Negatives: The climbs are well spaced making it difficult to do several in a day. However the walk-ins are generally quite long anyway. Cortina is a perfect base for accessing all the climbs described here and is a lovely destination in itself, offering many possible activities and some fantastic piste skiing.

10. Val Travenanzes

Guidebooks: Ghiaccio Verticale Volume 2

Eisklettern in Sudtirol

Alpine Ice: The 600 best ice falls in the Alps

Overview: Val Travenanzes is arguably the hidden gem of the Dolomites ice climbing, it's famous but rarely visited. Offering more climbs than Sottoguda in a peaceful and tranquil setting it's not to be missed. There are icefalls of every shape, size and gradient and as such is suitable for all levels of climber.
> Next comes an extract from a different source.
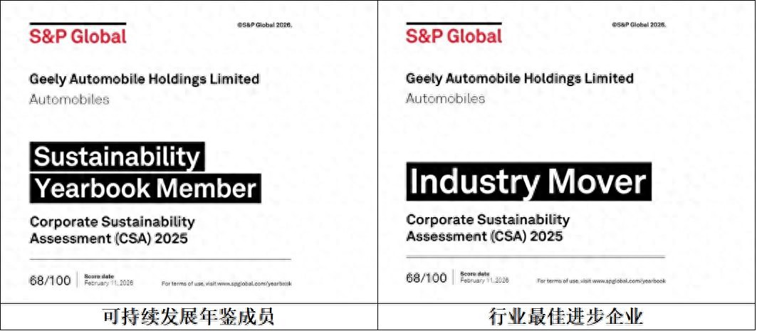 2月18日,国际权威评级机构标普全球(S&P Global)正式发布《全球可持续发展年鉴 2026》(Global Sustainability Yearbook 2026),以下简称“《年鉴》(全球版)”。吉利汽车控股有限公司(0175.HK)凭借在环境、社会和公司治理(ESG)的卓越表现,在标普全球企业可持续发展评估(CSA)中成绩强势突破,从78家参评的全球汽车制造商中脱颖而出。首次被选入《年鉴》(全球版)即跻身全球仅8家入选的汽车制造商中唯一中国车企,实现了历史性突破。

Certainly from a mountaineering point of view it is one of the most beautiful and impressive spots in the Dolomites due to the remoteness and high concentration of excellent climbs. You need to make a day of it however is the walk-in is fairly long and the access difficult.

Recommended climbs: Cascata del Compleanno (WI3+), Cascata dell'Ungulato Morto (WI3+), Sogno Canadese (WI4+), Belvedere (WI4+), Mano d'Acqua (WI4+), Due Senza (WI5), L'Ira di Albe (WI5), Chantalmania (WI5), Il Sogno di Luca (WI5), Bufera (WI5), Diamante (WI5+).

Negatives: The access to the valley is long and the climbs are in an extremely remote setting; make sure you prepare accordingly.

If you had to choose five ice climbs to do in the Dolomites?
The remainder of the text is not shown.